> Recorded information:
* * * *

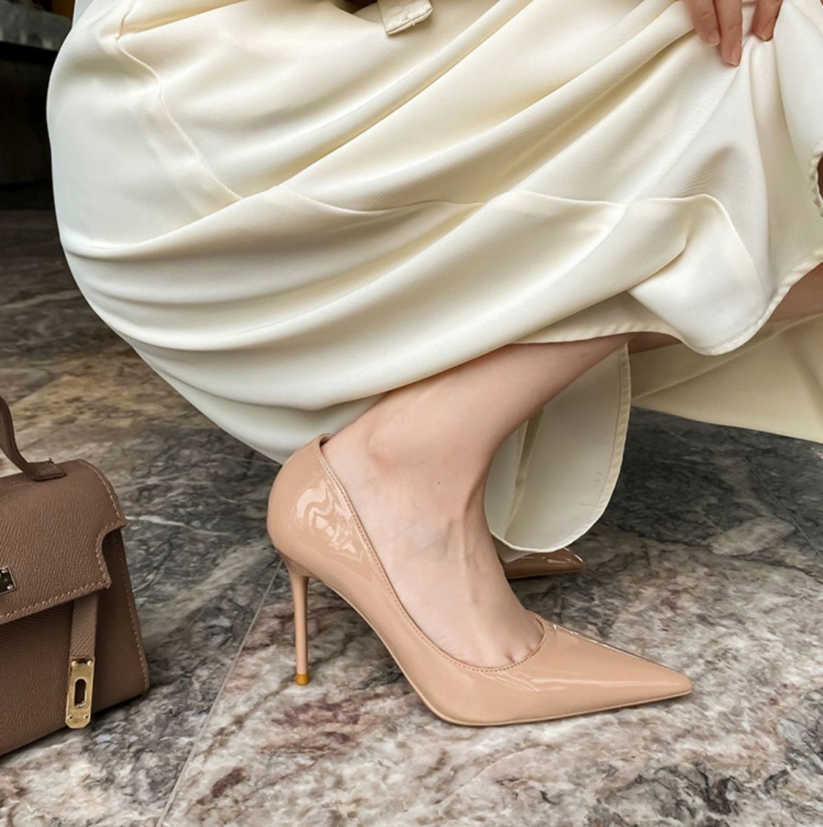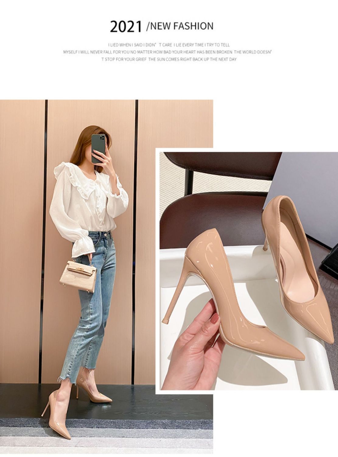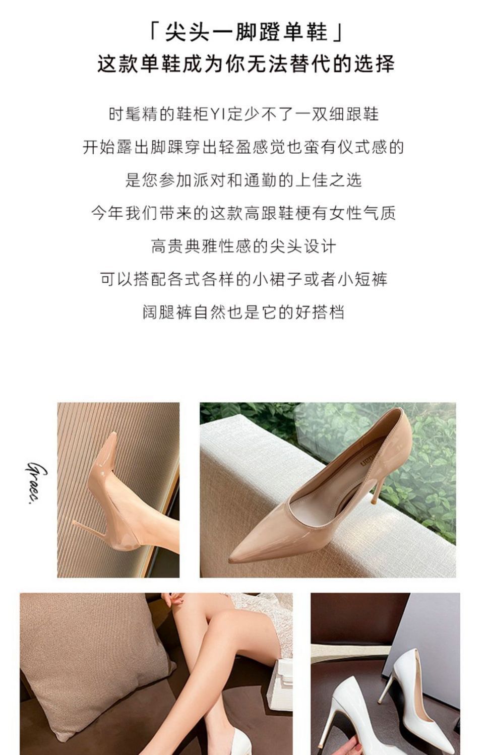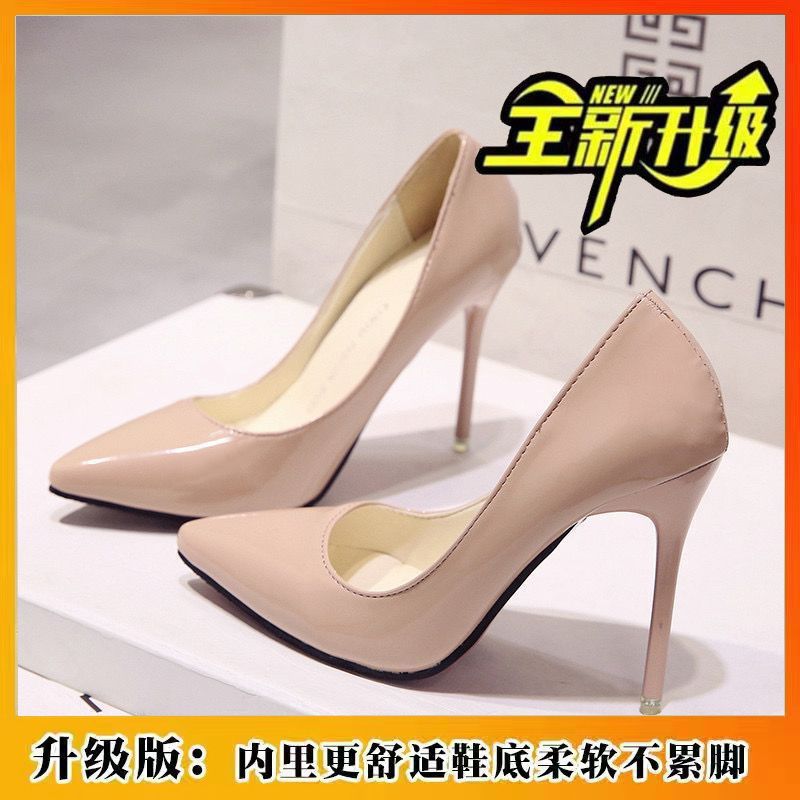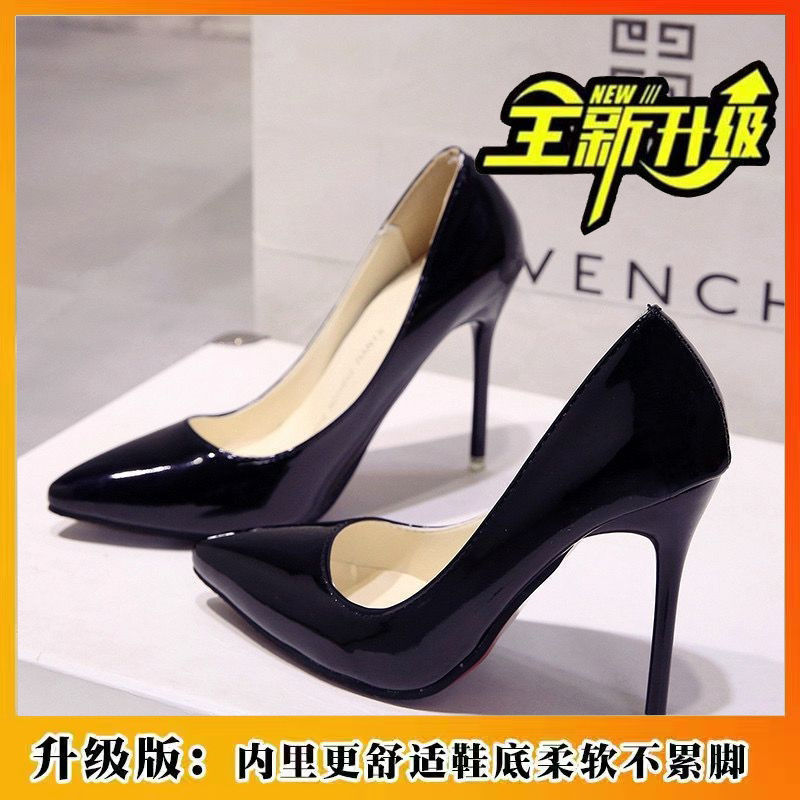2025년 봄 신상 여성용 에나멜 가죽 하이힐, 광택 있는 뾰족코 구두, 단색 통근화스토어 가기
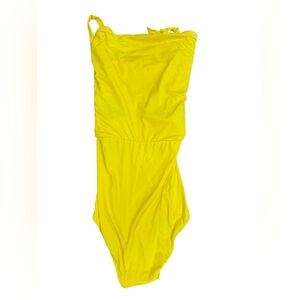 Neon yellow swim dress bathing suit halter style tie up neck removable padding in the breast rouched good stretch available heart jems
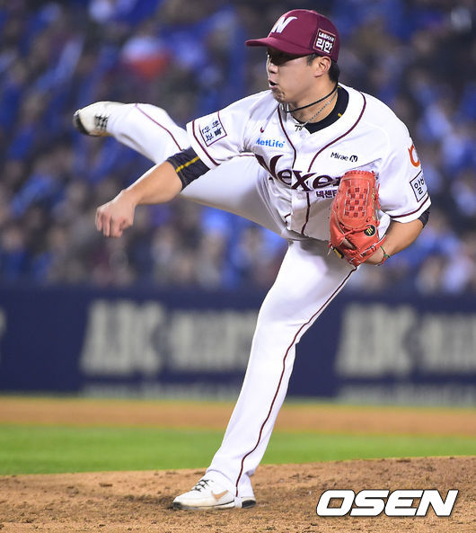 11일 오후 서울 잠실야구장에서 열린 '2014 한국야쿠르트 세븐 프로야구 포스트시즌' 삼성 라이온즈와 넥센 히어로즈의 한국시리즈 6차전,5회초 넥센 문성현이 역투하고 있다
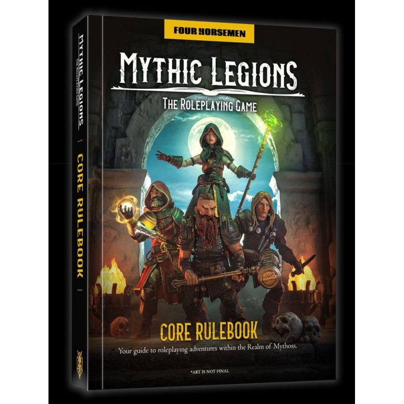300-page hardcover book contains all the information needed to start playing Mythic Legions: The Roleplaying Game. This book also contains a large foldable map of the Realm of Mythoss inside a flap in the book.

* * * *

> Required work:
Would you retype the listing above exactly, omitting its pictures?

> Response to the exercise:
2025년 봄 신상 여성용 에나멜 가죽 하이힐, 광택 있는 뾰족코 구두, 단색 통근화스토어 가기
 Neon yellow swim dress bathing suit halter style tie up neck removable padding in the breast rouched good stretch available heart jems
 11일 오후 서울 잠실야구장에서 열린 '2014 한국야쿠르트 세븐 프로야구 포스트시즌' 삼성 라이온즈와 넥센 히어로즈의 한국시리즈 6차전,5회초 넥센 문성현이 역투하고 있다
300-page hardcover book contains all the information needed to start playing Mythic Legions: The Roleplaying Game. This book also contains a large foldable map of the Realm of Mythoss inside a flap in the book.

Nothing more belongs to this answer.